TO DO :: Write out, without any change, the lines in the material below that run from the line with "4. kép – „Árnyék" through the line with "E módszerrel a", both included.

DATA RECORDS ::
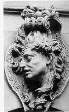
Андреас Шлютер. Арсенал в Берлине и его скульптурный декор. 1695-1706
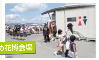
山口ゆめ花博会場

...

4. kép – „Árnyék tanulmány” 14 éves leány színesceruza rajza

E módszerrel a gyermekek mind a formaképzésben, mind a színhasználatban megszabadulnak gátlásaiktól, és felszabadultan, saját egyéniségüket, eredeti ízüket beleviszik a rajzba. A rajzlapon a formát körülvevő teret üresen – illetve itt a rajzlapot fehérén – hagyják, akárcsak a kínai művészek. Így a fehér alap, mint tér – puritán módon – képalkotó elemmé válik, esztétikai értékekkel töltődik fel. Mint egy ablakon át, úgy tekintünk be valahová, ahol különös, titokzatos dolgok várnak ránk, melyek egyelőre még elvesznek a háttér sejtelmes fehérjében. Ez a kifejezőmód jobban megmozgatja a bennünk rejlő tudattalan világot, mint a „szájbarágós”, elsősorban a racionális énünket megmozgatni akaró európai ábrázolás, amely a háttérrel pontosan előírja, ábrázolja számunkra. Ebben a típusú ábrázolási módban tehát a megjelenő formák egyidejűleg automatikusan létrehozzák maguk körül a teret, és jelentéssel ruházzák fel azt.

ANSWER BELOW ::
4. kép – „Árnyék tanulmány” 14 éves leány színesceruza rajza

E módszerrel a gyermekek mind a formaképzésben, mind a színhasználatban megszabadulnak gátlásaiktól, és felszabadultan, saját egyéniségüket, eredeti ízüket beleviszik a rajzba. A rajzlapon a formát körülvevő teret üresen – illetve itt a rajzlapot fehérén – hagyják, akárcsak a kínai művészek. Így a fehér alap, mint tér – puritán módon – képalkotó elemmé válik, esztétikai értékekkel töltődik fel. Mint egy ablakon át, úgy tekintünk be valahová, ahol különös, titokzatos dolgok várnak ránk, melyek egyelőre még elvesznek a háttér sejtelmes fehérjében. Ez a kifejezőmód jobban megmozgatja a bennünk rejlő tudattalan világot, mint a „szájbarágós”, elsősorban a racionális énünket megmozgatni akaró európai ábrázolás, amely a háttérrel pontosan előírja, ábrázolja számunkra. Ebben a típusú ábrázolási módban tehát a megjelenő formák egyidejűleg automatikusan létrehozzák maguk körül a teret, és jelentéssel ruházzák fel azt.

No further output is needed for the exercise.